They show pics of the pups at a week-ish old but other than that we are out of luck. I wish they updated the pics or added more pics of their dogs though.


----------



## AnisL (Nov 26, 2020)

I will visit as soon as they let me and take a couple of pictures and try to film the pair if that’s alright with her. I had a short video of the pair sent to me by Sheena but no pictures maybe I’ll find a way to put it here.


----------



## David Winners (Apr 30, 2012)

Chip Blasiole said:


> I think well is a relative term. Most DDR dogs don’t have the flash in obedience and protection that judges like to see. They does not mean they are lacking, but just don’t fit the mold of IGP judging in the obedience and protection phases. That also doesn’t mean they can’t be titled. In some IGP circles, there is a bias toward DDR dogs because they are not on the extreme side.


Valor is just 8 months. He's looking like he would be a fantastic MIL/LE dog. Loads of confidence. His hunt drive is extreme (12 minutes running hard on a search with no handler intervention). Great handler focus. Very forward when suspicious. 

He has good grips, but he's not exceptional. He's great on suede, fire hose and softer jute, but doesn't like harder tugs yet. Bites deep and fairly hard on things he likes to bite. 

He is actually snappier in OB than I thought he would be. If he's in drive, he's fairly quick and solid in his movements. He's not house fly snappy, but he's better than I thought he would be.

He is shockingly athletic for his age and size. He moves very well, has great body awareness, graceful and powerful in motion.

Tracking is natural for him, as it is with most Carmspack dogs. Nosework is very easy to train and he is becoming very stimulated by the search itself. He likes the reward but would rather go work than keep it.

If I had to pick a job for him right now, I'd say military.


----------



## David Winners (Apr 30, 2012)

AnisL said:


> I will visit as soon as they let me and take a couple of pictures and try to film the pair if that’s alright with her. I had a short video of the pair sent to me by Sheena but no pictures maybe I’ll find a way to put it here.


Send it to me on Facebook and I'll put it on my YouTube if you don't have one.


----------



## SuperAndre (Jun 28, 2020)

AnisL said:


> I will visit as soon as they let me and take a couple of pictures and try to film the pair if that’s alright with her. I had a short video of the pair sent to me by Sheena but no pictures maybe I’ll find a way to put it here.


Short video of the parents? Can you send me too please?


----------



## Chip Blasiole (May 3, 2013)

You mentioned grips. That tends to be the gold standard in most sports but is not that important in a police dog as long as the other traits are there with hunt drive being an example. Footstep tracking in IGP is mostly an obedience exercise and high hunt drive is not required. Just some examples of how IGP is looking for more of a performance than useful working traits.


----------



## David Winners (Apr 30, 2012)

From Sheena: This is one of the male pups from that litter. Owners are over the moon happy with him. High energy, confident and fearless very much like his Dad!

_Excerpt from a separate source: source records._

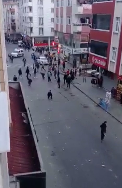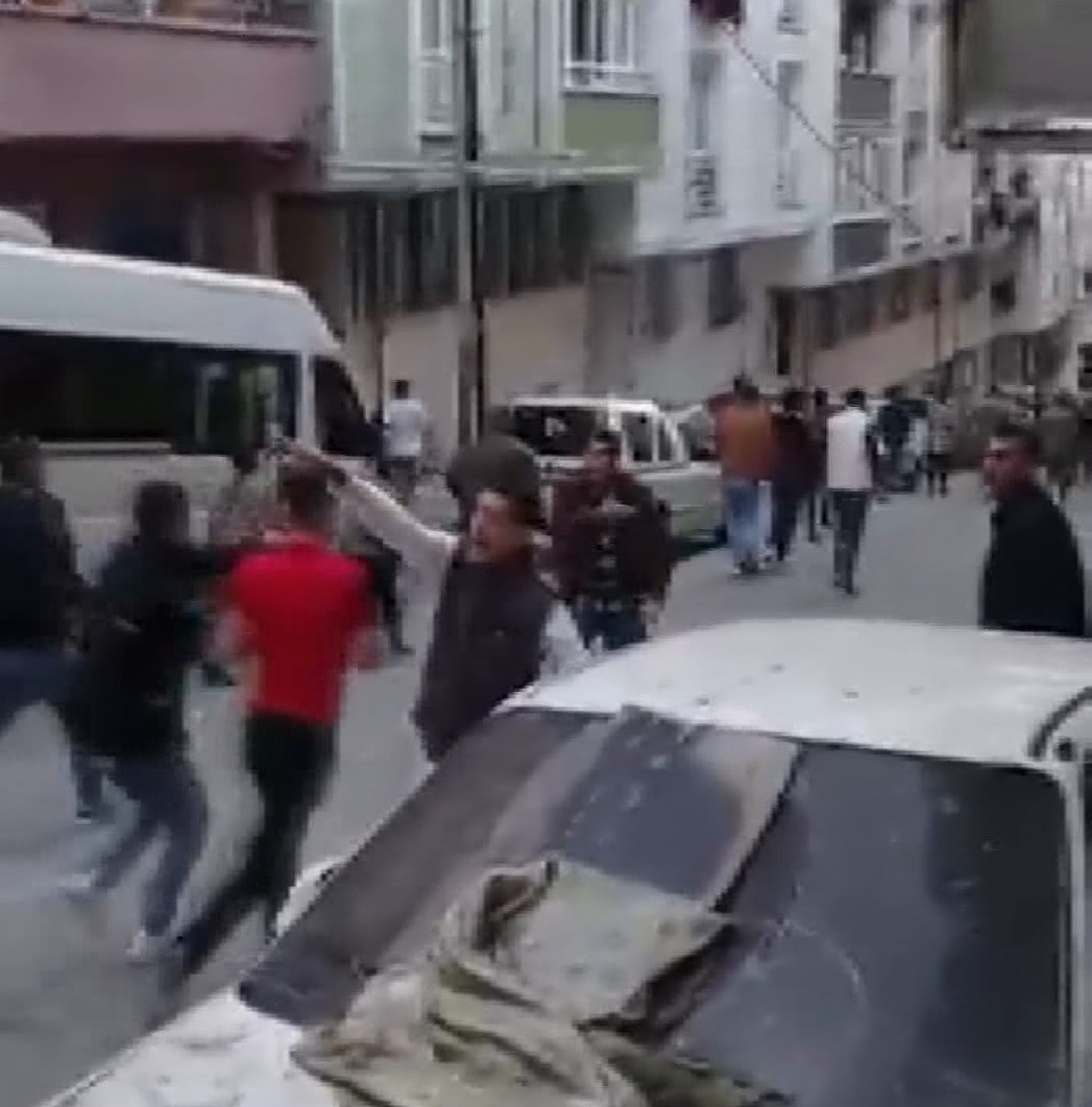 Gruplar birbirlerine satır, sopa ve taşlarla saldırmaya başladı. Çevredeki bir vatandaş kavgayı ayırmak için havaya ateş açtı.
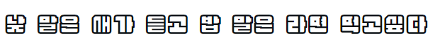 속이 비어있는 귀여운 폰트입니다. 라인이 상당히 두꺼워 글씨 하나하나가 마치 블록처럼 되어 있으며, 영문 호환이 가능해 귀여운 연출이 가능합니다. 개인/상업용으로 사용이 가능하며 영리 목적 판매 외에 수정 및 배포가 가능합니다.
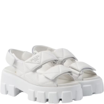PRADA WHITE MONOLITH NAPPA SANDALS $350.00Select options

From Sheena: Here is a little video of them this summer. Nog is the one retrieving and Jadzea is the one ripping him off lol


----------



## SuperAndre (Jun 28, 2020)

David Winners said:


> From Sheena: This is one of the male pups from that litter. Owners are over the moon happy with him. High energy, confident and fearless very much like his Dad!
> 
> View attachment 567783
> 
> ...


Thank you for this David!!! I am extremely excited about this pairing.


----------



## Galathiel (Nov 30, 2012)

If you go to Fraserglen's home page and scroll to the bottom of the page, it has links to their males and females.

Fraserglen


----------



## SuperAndre (Jun 28, 2020)

Galathiel said:


> If you go to Fraserglen's home page and scroll to the bottom of the page, it has links to their males and females.
> 
> Fraserglen


Yes it does, thank you! But only 1 picture of the dog, and I think we all just want more


----------



## Sabis mom (Mar 20, 2014)

Litter after yours should be mine. And yes more pics are needed.


----------



## SuperAndre (Jun 28, 2020)

Sabis mom said:


> Litter after yours should be mine. And yes more pics are needed.

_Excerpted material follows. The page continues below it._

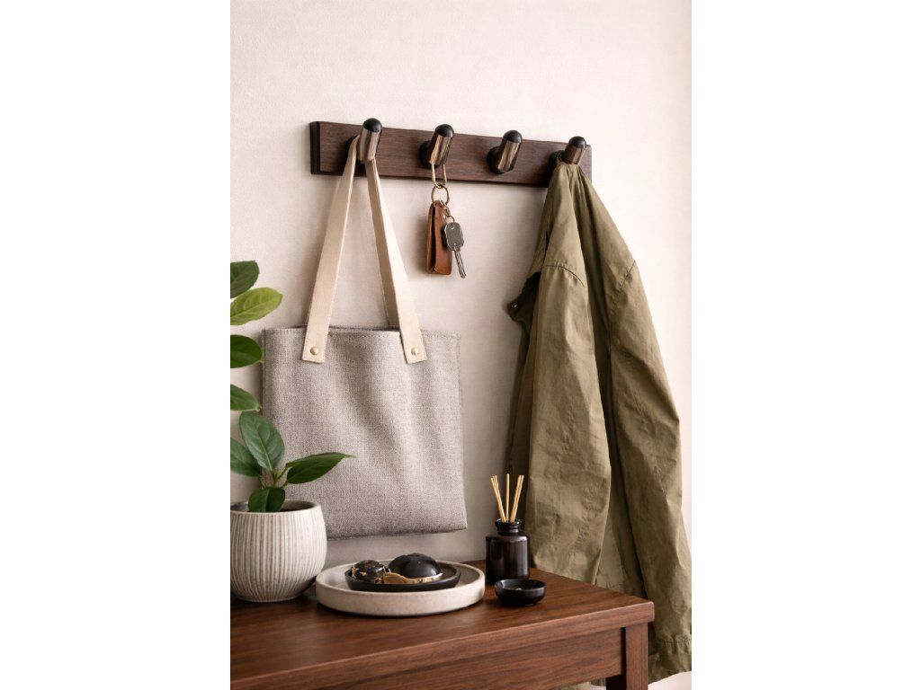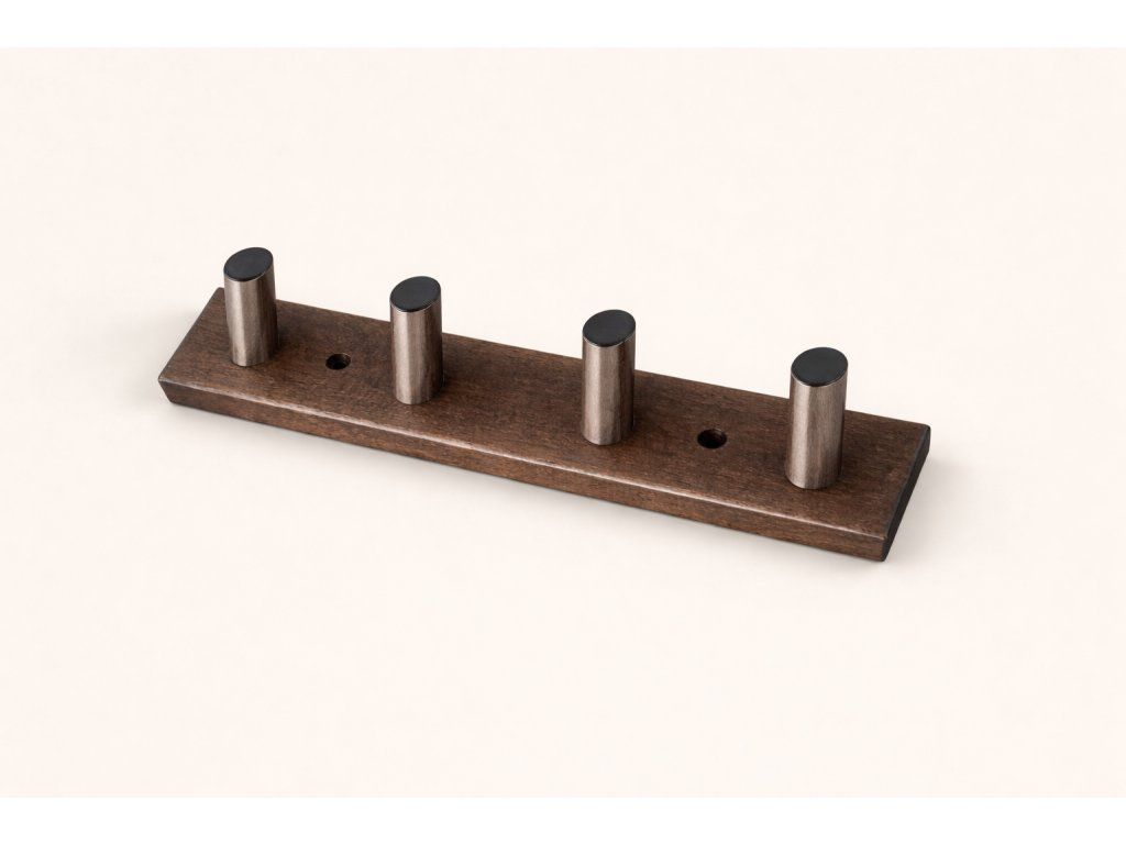 Stylový nástěnný věšák z masivního dřeva v tmavém moření. Jednoduchý a čistý design vynikne v moderním i přírodně laděném interiéru. Praktický pomocník na kabáty, tašky i doplňky.

We will have half siblings  Have you made a deposit yet?


----------



## Sabis mom (Mar 20, 2014)

No deposit as yet. Need to wait a bit longer. The litter I am looking at will be dual sire, so maybe related to yours maybe not. 
It's the bitch that I like and either sire should produce what I like, it's really not a thing for me since I am simply looking for a companion. I can handle either variation, and I just want a healthy pup.


----------



## SuperAndre (Jun 28, 2020)

Sabis mom said:


> No deposit as yet. Need to wait a bit longer. The litter I am looking at will be dual sire, so maybe related to yours maybe not.
> It's the bitch that I like and either sire should produce what I like, it's really not a thing for me since I am simply looking for a companion. I can handle either variation, and I just want a healthy pup.


Oh ok! You are looking at a Gus pup  David may get jealous, I think he has been considering getting a second pup out of Gus. Super exciting though! I look forward to hearing more when you have made your official decision.


----------



## Sabis mom (Mar 20, 2014)

Maybe Gus, maybe Nog. I don't really care as long as its Ellie Mae. Have a look at her sire! And siblings.


----------



## SuperAndre (Jun 28, 2020)

Sabis mom said:


> Maybe Gus, maybe Nog. I don't really care as long as its Ellie Mae. Have a look at her sire! And siblings.

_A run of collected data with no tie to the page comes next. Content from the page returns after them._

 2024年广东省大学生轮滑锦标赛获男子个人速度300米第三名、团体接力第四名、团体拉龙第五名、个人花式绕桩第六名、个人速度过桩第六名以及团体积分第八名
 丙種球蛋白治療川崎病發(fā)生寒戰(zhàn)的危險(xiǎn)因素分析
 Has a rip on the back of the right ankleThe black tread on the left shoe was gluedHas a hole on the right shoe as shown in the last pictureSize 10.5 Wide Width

Wow! I see lots of SCHH 3 in her pedigree. I could not find her siblings but I guess they are just as impressive. Will you be doing sports with your pup?


----------



## Sabis mom (Mar 20, 2014)

I don't do bite sports. Obedience and some form of nose/scent work. 
I promised Carmen an obedience title so that's my only competitive goal.


----------



## David Winners (Apr 30, 2012)

Sabis mom said:


> I don't do bite sports. Obedience and some form of nose/scent work.
> I promised Carmen an obedience title so that's my only competitive goal.


I think these dogs will excel in Nosework. Valor has off the charts hunt drive.


----------



## SuperAndre (Jun 28, 2020)

Sabis mom said:


> I don't do bite sports. Obedience and some form of nose/scent work.
> I promised Carmen an obedience title so that's my only competitive goal.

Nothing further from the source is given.